Weird collection of Nirvana frontman's personal possessions goes up for auction; Iron Maiden has teamed up with 'Angry Birds' for some reason; sexual assault/harassment allegations aren't even remotely limited to Hollywood fat cats.

Oct 17, 2017 at 10:12 am

click to enlarge Nirvana in the late ’80s - Photo: Krist Novoselic Collection
Photo: Krist Novoselic Collection
Nirvana in the late ’80s
HOT: About a Card

While Kurt Cobain notoriously developed a disdain for fame, he did have a good sense of absurdist humor. So it’s difficult to know if he’d be disgusted by the exploitation or delighted by the ridiculousness of several items tied to his legacy (in various, sometimes routine ways) that recently went on the auction block. In service of an “unnamed family member,” Julien’s Auctions has offered fans a chance to own several of Cobain’s personal possessions, including Nirvana’s Video Music Award trophy for “Smells Like Teen Spirit” (the bid for which has reached $25,000), a Xeroxed flier from Mudhoney’s first show in 1988 (with Cobain’s scribbles on the back) and Cobain’s crusty, beat-up Blockbuster video rental card, which has scored a $1,500 high bid (so far).

WARM: Angry or Mad?

Here’s a brain-teaser so incredibly mystifying it could lead to institutionalization — in a partnership between iconic Heavy Metal cult heroes Iron Maiden and one-time popular video game Angry Birds, who exactly benefits? Last year’s Angry Birds movie seemed to suffer from being released more than a year (or, in current pop-cultural time, a century and a half) after the mobile-game sensation’s popularity peaked, so perhaps making Maiden’s “Eddie” monster mascot a character (“Eddie the Bird”) in the game’s Halloween update is just desperate flailing by the game’s maker, Rovio.

COLD: Music Biz Sucks Too

Harvey Weinstein’s sexual assault scandal verified what many have long assumed about Hollywood power-wielders. But there has been a rash of subsequent sexual-assault allegations that shows such behavior is much, much more widespread.
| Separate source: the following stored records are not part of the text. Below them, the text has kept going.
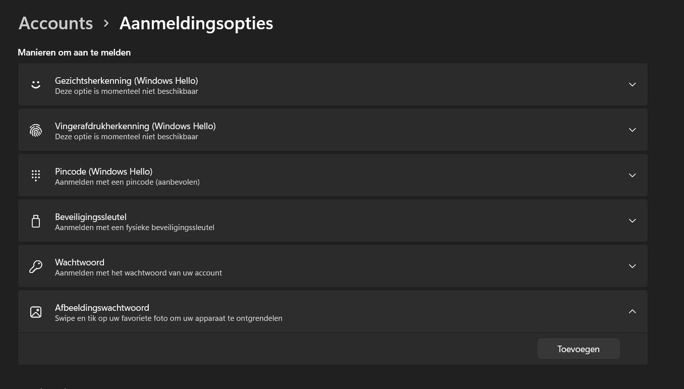 Om een afbeeldingswachtwoord in te stellen, open je met Windows-toets+I het instellingenvenster van Windows en ga je naar Accounts / Aanmeldingsopties.
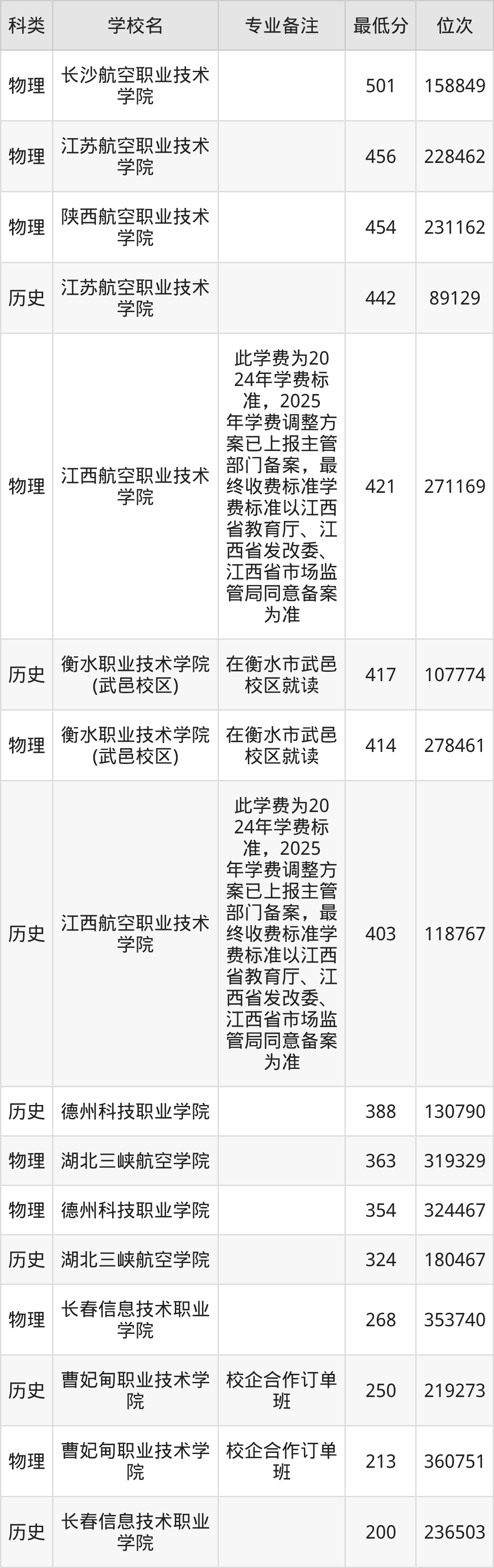 飞行器维修技术专业分数最低的民办大学是长春信息技术职业学院,其2025年最低分为200分,考生只要超专科线0分即有概率能被录取。
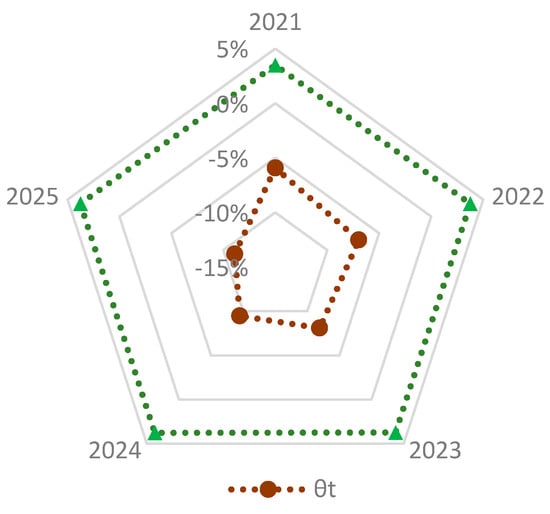 Although aging and a falling population would reduce GD, changes in urbanization would raise it. In S1, annual GD would rise by 0.9% in 2022, and by 1.2%, 1.5%, 1.8% in 2023, 2024, and 2025, respectively. In S2 the diet guidelines are achieved and Figure 4 shows how GD there would be smaller than in S1; the difference between them, (Equation (28)), would increase over time, from 43.82 million tons in 2022 to 73.10 million tons in 2025. Accordingly, the difference rate, , would increase in absolute terms from 5.9% in 2022 to 11.1% in 2025 (Figure 5). That is, if Chinese residents fully adopt the DGCR 2022 guidelines, GD would be lower by about 73.10 million tons in 2025, equivalent to 10.7% of China’s grain production in 2021 and about 2.5% of the world grain production in 2020. The results indicate that promoting the diet guidelines more widely would generate a double dividend—a healthier population and a reduction of about 43.82–73.10 million tons of China’s GD annually during 2022–2025, which, in turn, would reduce the pressure on scarce water and land.
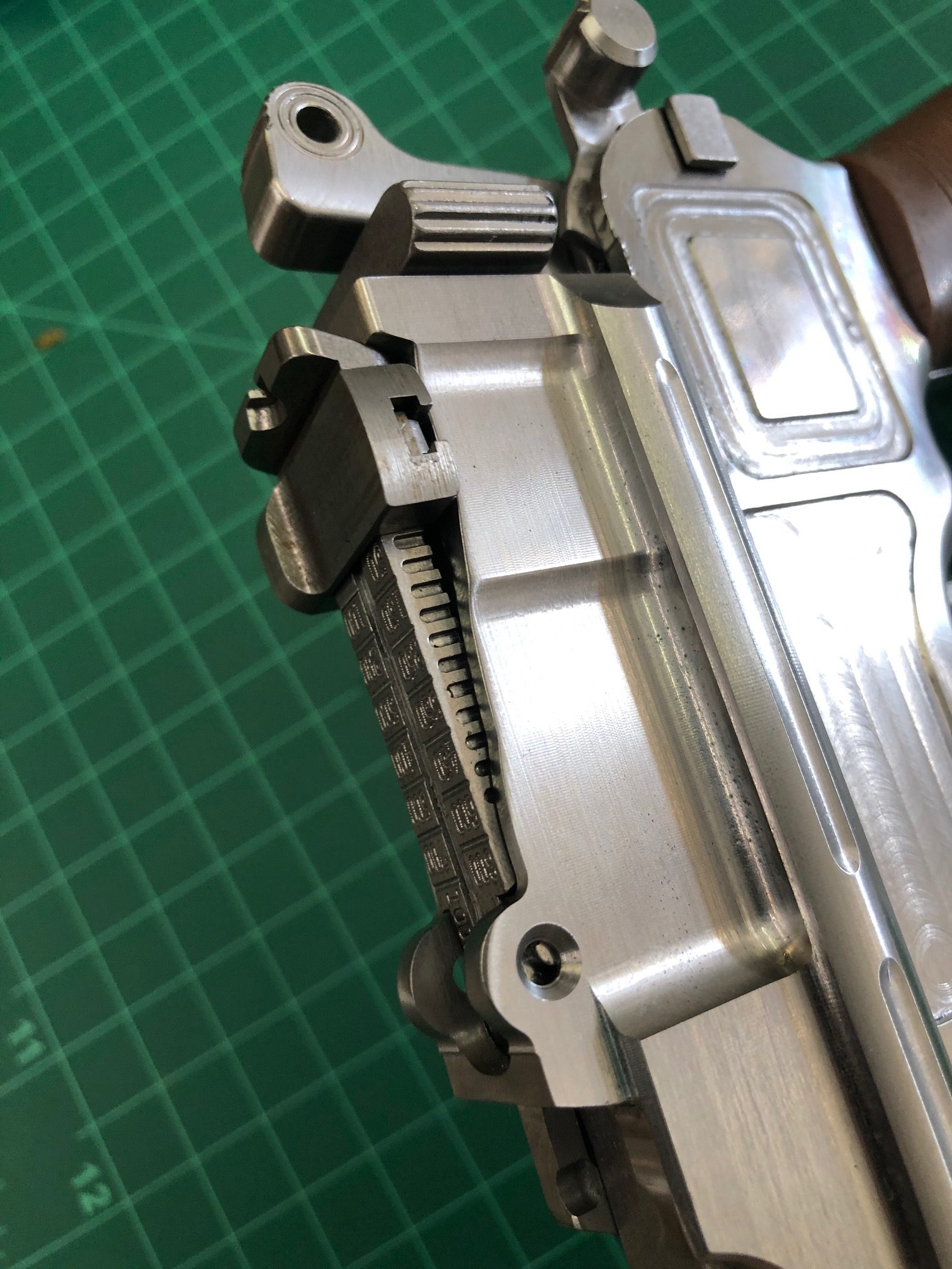 Laser-scanned pre-war Mauser. CNC Machined STEEL replica. C96 DL44 replica. This kit includes everything needed to build a super accurate ANH HERO Replica. Includes functional trigger, safety, and hammer with pre-drilled mounting spots for the Fieldmarshal micro switches. This should make installing electronic sound boards easier. Highly detailed and removable (like the real C96) mag plate allows access to the mag well. Authentic sight, engraved, functional, and mounted like the real counterpart. All inner parts slide into the back just like the real Mauser. All knurls and wording have been painstakingly reproduced and engraved. Pre-drilled scope mount package options available in drop-down box. If you do not want pre-drilled and mounted, please make a note in the order. All other parts and accessories are in the DL44 section of this website, including flash hiders and greeblies, to help with your build.
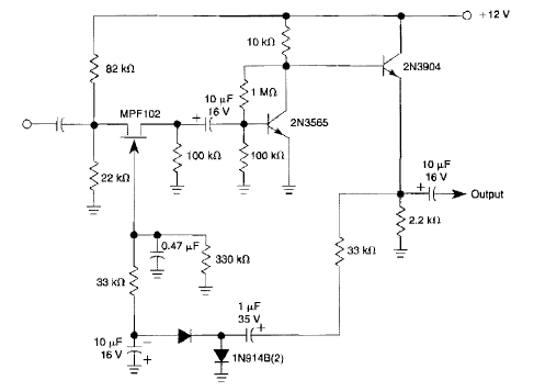 Este circuito é de uma publicação dos anos 90 denominada William Sheets. O circuito consiste numa etapa que tem o ganho de acordo com a intensidade do sinal.
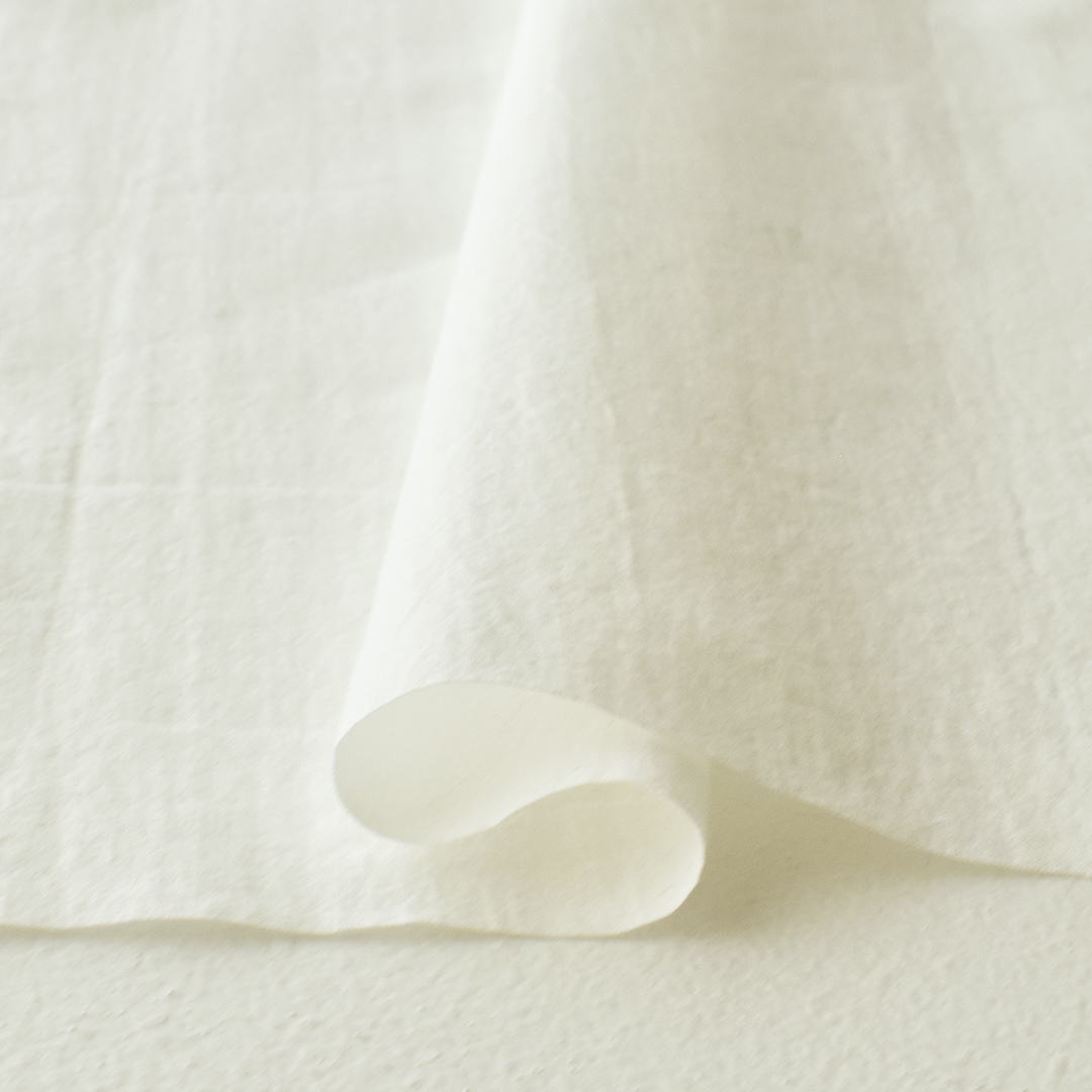 少ないロットで長時間かけて生地を揉みほぐす加工を施すことによって、ふっくらとした仕上がりになったコットンリネンです。
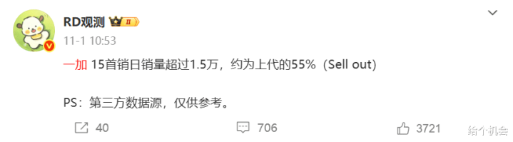 在旗舰市场采用这种策略还是很冒险的,因为大家都买旗舰手机了,肯定是更希望选到全面性强的机型,这就导致一加15首销时没有达到理想的预期,据RD观测统计的数据显示,一加15开售3天销量仅4.5万台左右,同期接近上代的55%。
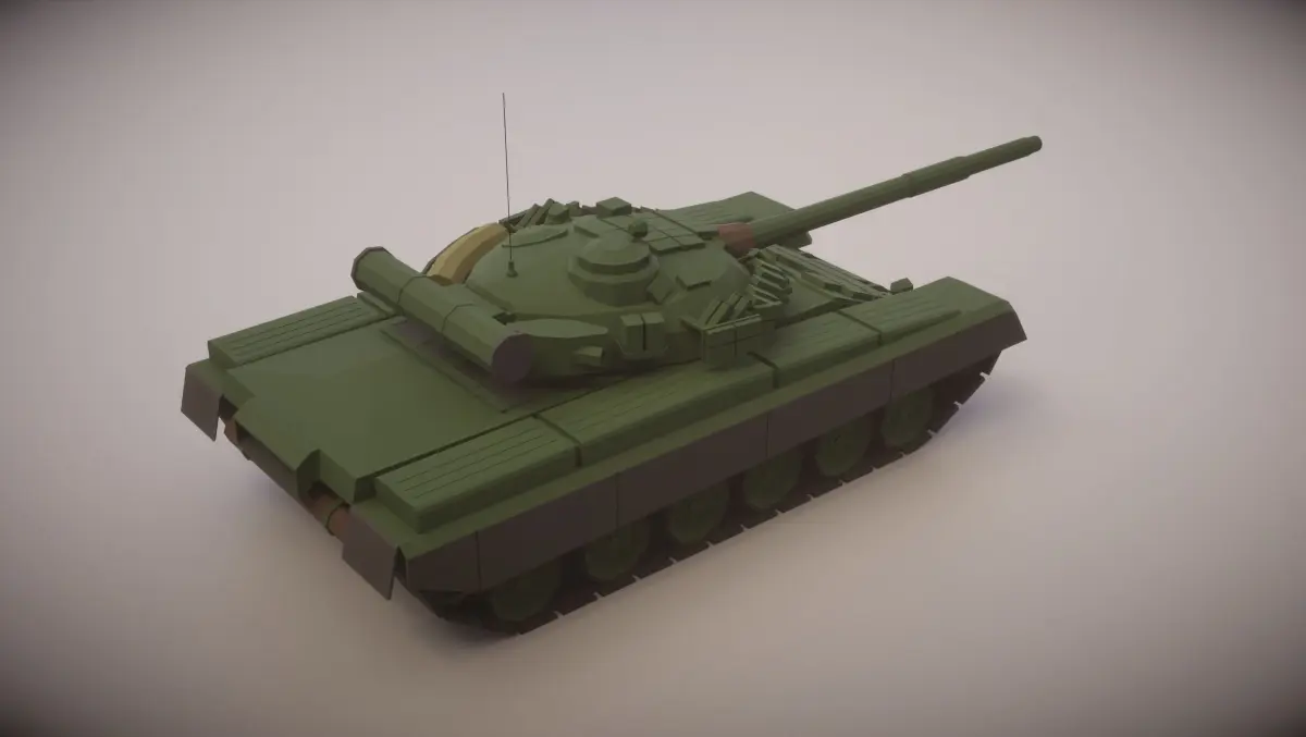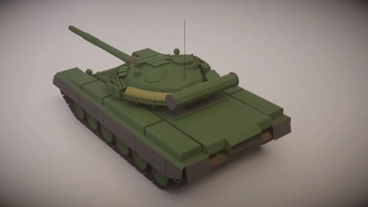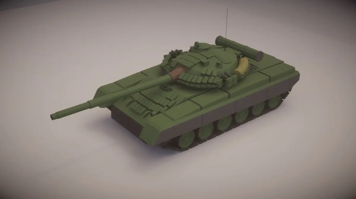 A simple low poly T-80BV Tank with fully movable wheels, turret and gun
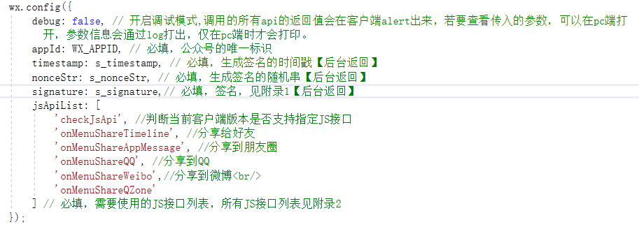 config接口调用完后就可调用ready接口和error接口,这2个接口是代表config是否验证成功的。分享的功能可以封装到一个方法中,然后在ready接口中进行调用。下面直接放代码。
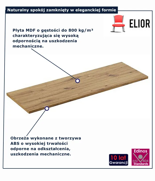 Blat Artiza 10X 140 cm to funkcjonalne uzupełnienie szafki pod umywalkę, które pozwala stworzyć nowoczesny zestaw z umywalką nablatową. Wykonany z trwałej płyty MDF, w dekorze naturalnego dębu, wprowadza do wnętrza ciepły, ponadczasowy charakter i świetnie współgra z kaszmirowym wykończeniem pozostałych elementów serii.
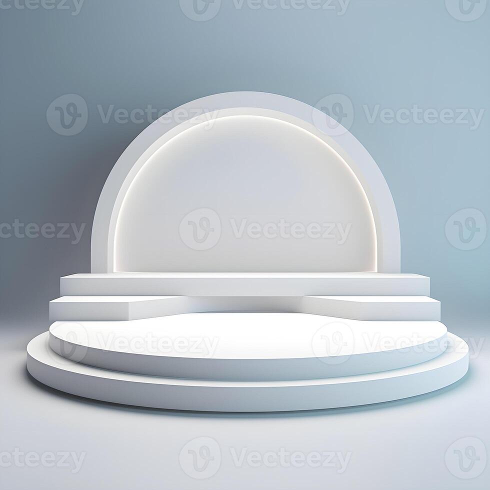 3d render, abstract scene with white round podium for product presentation. Illustration. Podium for product shoot. Minimal Display for product. Pro Photo
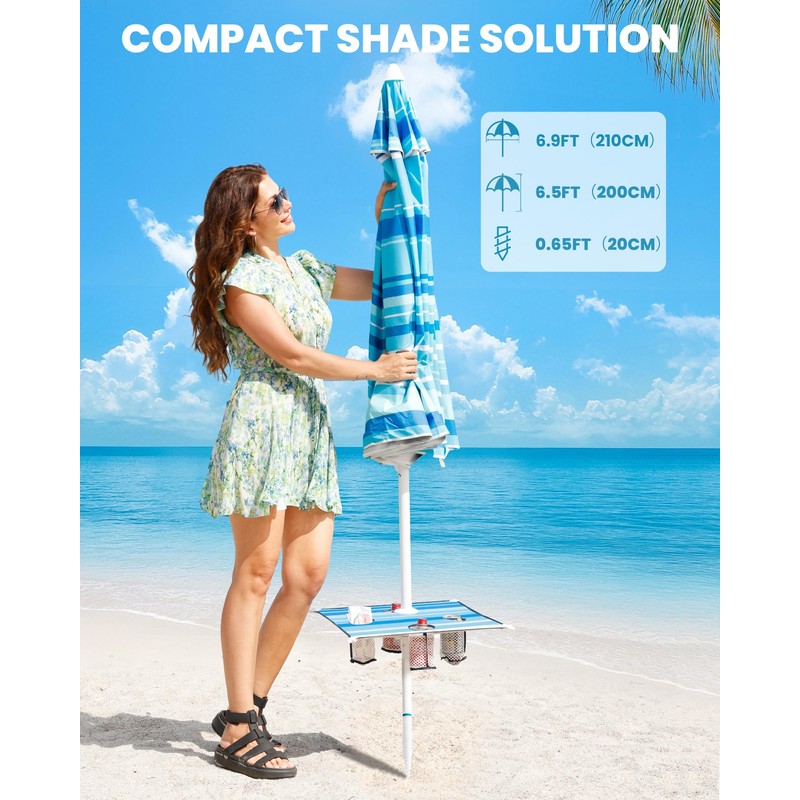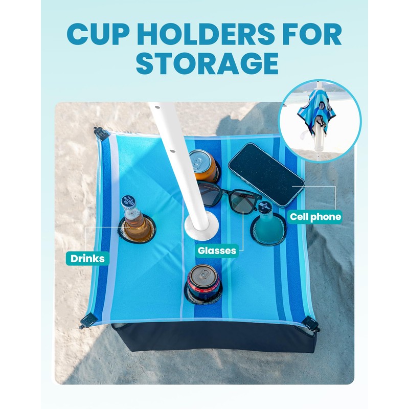 - WHAT MAKES THIS BEACH UMBRELLA SPECIAL? - The FREE SAND BAG, together with the CUP HOLDER, is the answer! The sand bag can be filled with 44lb sands to resist the beach umbrella from coming loose in gusty winds. HANDY PATENTED POP-OPEN TABLE WITH CUP HOLDER keep your drinks, phone, and sunglasses out of the sand. No more worries and mess! Cup holders are only available in certain colors. (US Patent number 9706834B1)
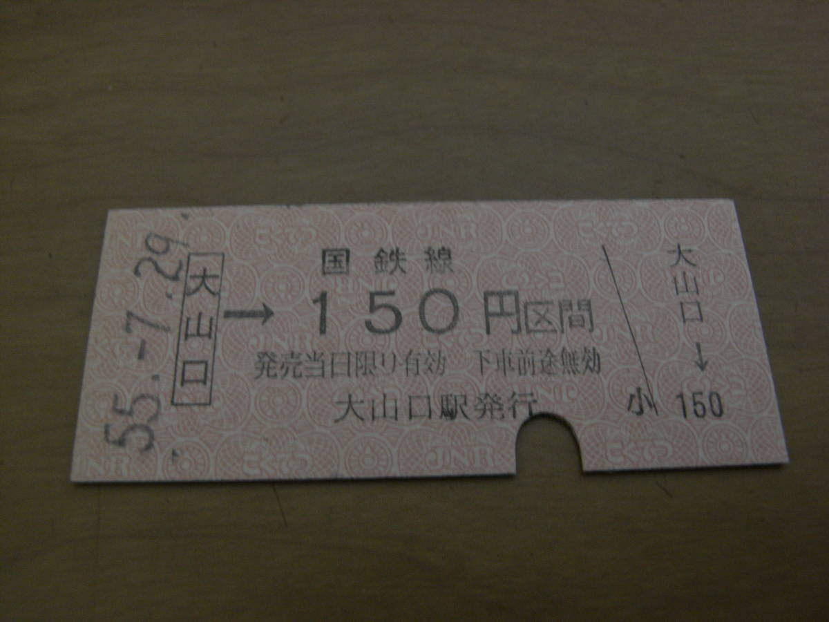 山陰本線 大山口→国鉄線150円区間 昭和55年7月29日 大山口駅発行

In the Indie music world over the past week, relatively obscure musicians like Alex Calder and The Gaslamp Killer lost bookings and more due to accusations, while it was revealed that Matt Mondanile of the band Real Estate left the group last year partly due to sexual-assault allegations (his current project, Ducktails, had shows cancelled in light of the news).